Excerpted records:

==*==

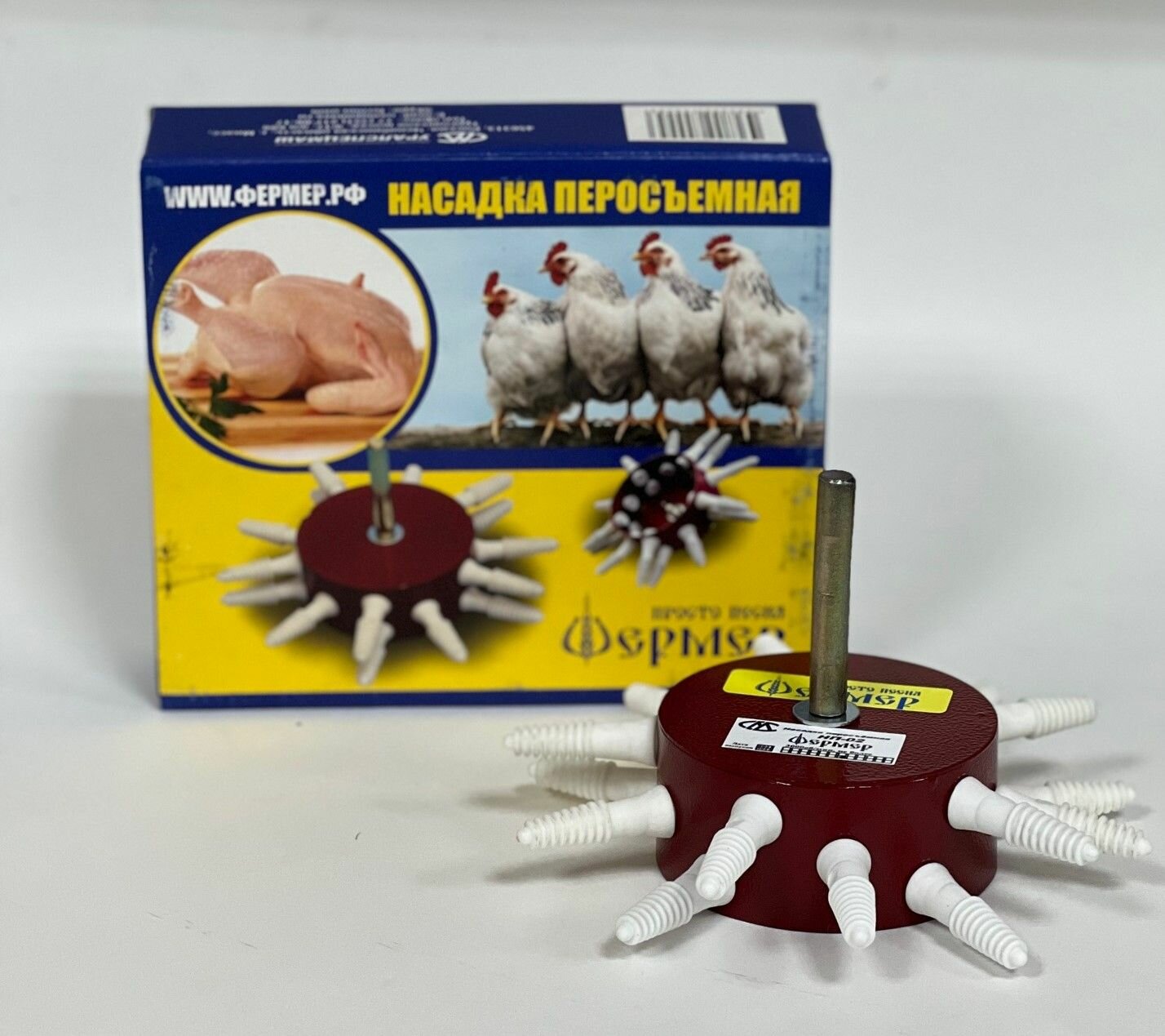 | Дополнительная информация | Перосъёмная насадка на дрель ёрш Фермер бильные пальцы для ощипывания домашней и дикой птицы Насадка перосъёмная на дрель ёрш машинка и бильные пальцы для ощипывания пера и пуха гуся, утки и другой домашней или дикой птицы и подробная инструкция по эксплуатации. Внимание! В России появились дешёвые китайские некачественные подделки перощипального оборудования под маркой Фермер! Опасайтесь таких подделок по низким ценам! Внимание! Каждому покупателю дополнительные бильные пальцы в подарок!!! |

==*==

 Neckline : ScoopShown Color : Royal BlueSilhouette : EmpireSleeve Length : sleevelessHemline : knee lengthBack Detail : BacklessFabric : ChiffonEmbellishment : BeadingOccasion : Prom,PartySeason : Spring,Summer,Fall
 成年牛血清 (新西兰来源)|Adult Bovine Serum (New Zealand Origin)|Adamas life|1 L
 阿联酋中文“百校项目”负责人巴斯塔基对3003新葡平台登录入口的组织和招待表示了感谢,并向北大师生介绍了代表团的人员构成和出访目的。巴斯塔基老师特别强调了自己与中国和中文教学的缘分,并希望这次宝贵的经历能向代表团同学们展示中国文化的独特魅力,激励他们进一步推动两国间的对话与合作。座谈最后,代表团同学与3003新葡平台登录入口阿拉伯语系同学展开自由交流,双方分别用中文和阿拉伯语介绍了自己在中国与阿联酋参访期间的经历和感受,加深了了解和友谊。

==*==

What is expected:
Would you print exactly and only the lines of the material above that run from the line with "Neckline : ScoopShown" through the line with "成年牛血清 (新西兰来源)|Adult Bovine", both included?

Finished exercise:
 Neckline : ScoopShown Color : Royal BlueSilhouette : EmpireSleeve Length : sleevelessHemline : knee lengthBack Detail : BacklessFabric : ChiffonEmbellishment : BeadingOccasion : Prom,PartySeason : Spring,Summer,Fall
 成年牛血清 (新西兰来源)|Adult Bovine Serum (New Zealand Origin)|Adamas life|1 L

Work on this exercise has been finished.